Genome compaction allows animals and plants to fold their genes inside the tiny space of cell nuclei and relies on the conserved histone proteins. Nucleosomes, the core component of chromatin, consist of a histone octamer around which DNA wraps, ∼150 bp per unit, and are stacked in higher-order complexes that eventually shape into chromosomes. However, with great packing comes limited accessibility to some promoters and genes for the transcription machinery. As a countermeasure, histones can be covalently modified on their tails and core regions by several types of enzymes to change their level of compaction locally.
New findings by Su et al. (2017) reveal a connection between photoperiod-mediated induction of flowering time and phosphorylation of histone H2A at serine 95 in Arabidopsis thaliana.

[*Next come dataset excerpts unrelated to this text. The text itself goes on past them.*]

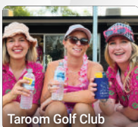
Taroom Golf Club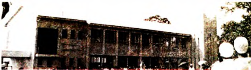
Main classroom building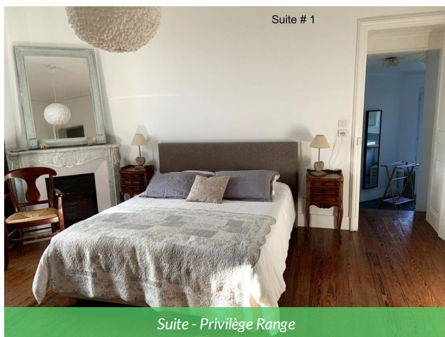
Suite - Privilège Range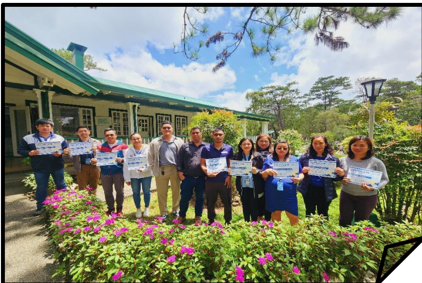
Environmental Management System: Industrial Hygiene 28 May 2024 Alfa Personnel Care Language Tutorial Inc. Bell House, Camp John Hay, Baguio City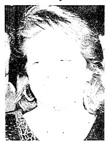
Mary Lou Retton

It wasn't too long ago when the idea of women doing activities that were considered "male-oriented" was about as popular as the Pitt football team is in Happy Valley.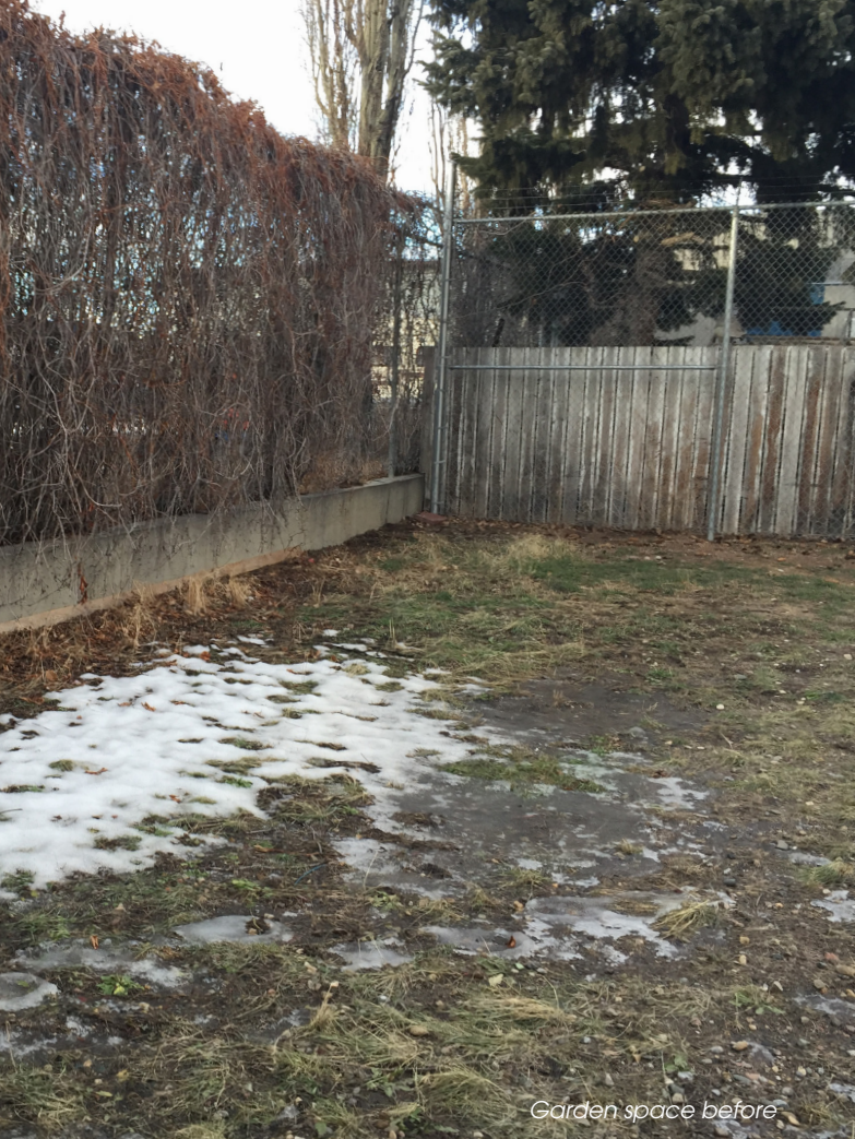
Garden space before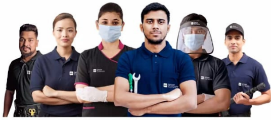
Hair stylists Massage therapists Beauticians Handymen Painters Appliance Technicians

ision: Empower millions of professionals worldwide to deliver services at home like never experienced before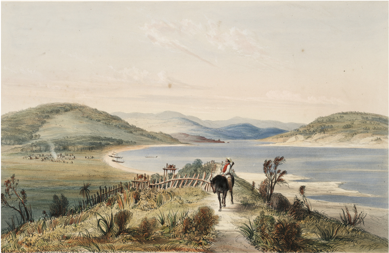
Fig. 5 Porirua Harbour and Parramatta whaling station in Nov.r 1843, 1843 , hand-coloured lithograph. Artist Samuel Brees (PUBL-0011-12, Alexander Turnbull Library, Wellington).

least initially, unfortified. In Fig. 5, Taupo Village, illustrated in 1843 by Samuel Brees, is shown as a kāinga. The wāhi tapu where Te Hiko would later be buried is in the foreground above the future pā of Turi Kawera. In the distance can be seen Paremata Whaling Station, alongside which Paremata Pā was sited. The scene in Fig. 6 was drawn by George Angas French two years after Brees' image of the same settlement (and printed in 1847). By then Taupo was clearly palisaded, the fortifications probably added as the result of tension following the Wairau Affray in 1843 (Stodart 2002: 25).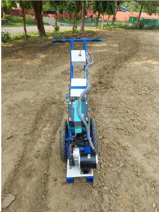
Pusa Mini e-Prime Mover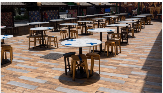
Post-circuit breaker – when can we move on to phases 2 and 3?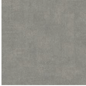
scripto VC13330594 Pattern Repeat L100 x W99.5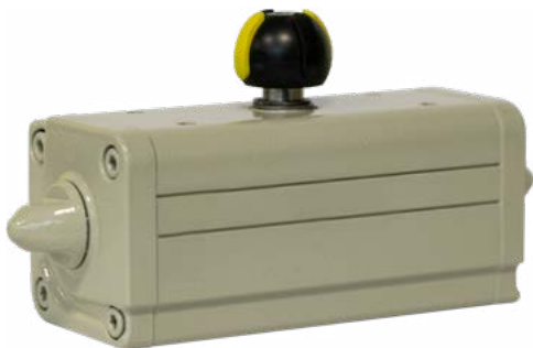
SPECIAL COATING PNEUMATIC ACTUATORS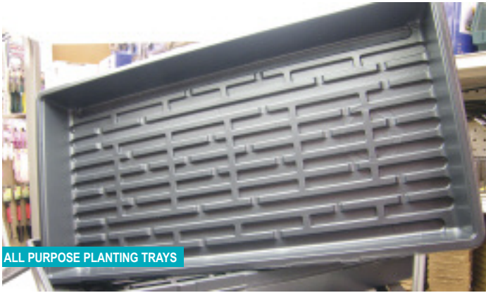
ALL PURPOSE PLANTING TRAYS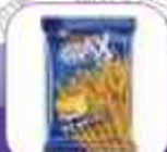
CRAX WITH CHEESE 80G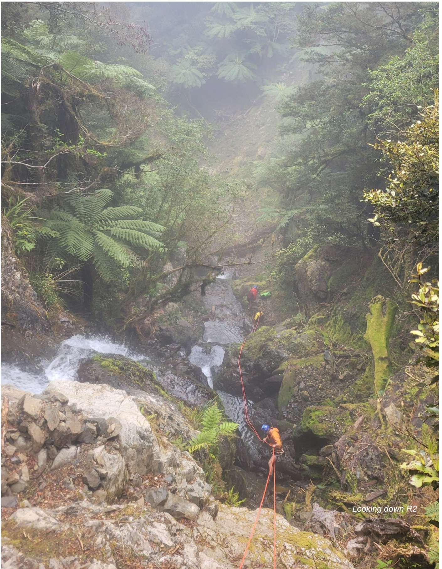
Looking down R2

The kinase MUT9p-LIKE KINASE4 (MLK4) is part of a four-protein family with high similarity to the MUT9p kinase from Chlamydomonas reinhardtii (Casas-Mollano et al., 2008). In the single-cell alga, a mut9 mutant reactivates expression of silenced transgenes and derepresses several transposons, pointing to a role in epigenetic gene silencing. Biochemically, MUT9p phosphorylates the tail of histones H2A and H3, which leads to a downregulation of target genes.

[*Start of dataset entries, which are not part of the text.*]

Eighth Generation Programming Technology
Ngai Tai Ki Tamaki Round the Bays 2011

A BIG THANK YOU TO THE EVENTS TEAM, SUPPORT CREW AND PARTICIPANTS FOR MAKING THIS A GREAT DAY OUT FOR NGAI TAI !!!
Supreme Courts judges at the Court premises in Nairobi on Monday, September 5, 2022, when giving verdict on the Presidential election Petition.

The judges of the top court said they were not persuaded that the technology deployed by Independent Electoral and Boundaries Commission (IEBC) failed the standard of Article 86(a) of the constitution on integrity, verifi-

Of the four MUT9p-like genes in Arabidopsis, only loss of MLK4 results in a delay in flowering initiation on its own (Su et al., 2017), although partial redundancy may exist among family members (Huang et al., 2016). Su and colleagues define the regulatory cascade linking MLK4 function to photoperiod-mediated induction of flowering time.
Based on double mutant analyses, the authors show that MLK4 acts upstream of the flowering time proteins CONSTANS (CO) and GIGANTEA (GI), but downstream of the clock protein CIRCADIAN CLOCK ASSOCIATED1 (CCA1). Gene expression levels of CO and GI are consistent with these observations and imply that loss of MLK4 leads to lower GI expression, which in turn results in lower CO mRNA levels.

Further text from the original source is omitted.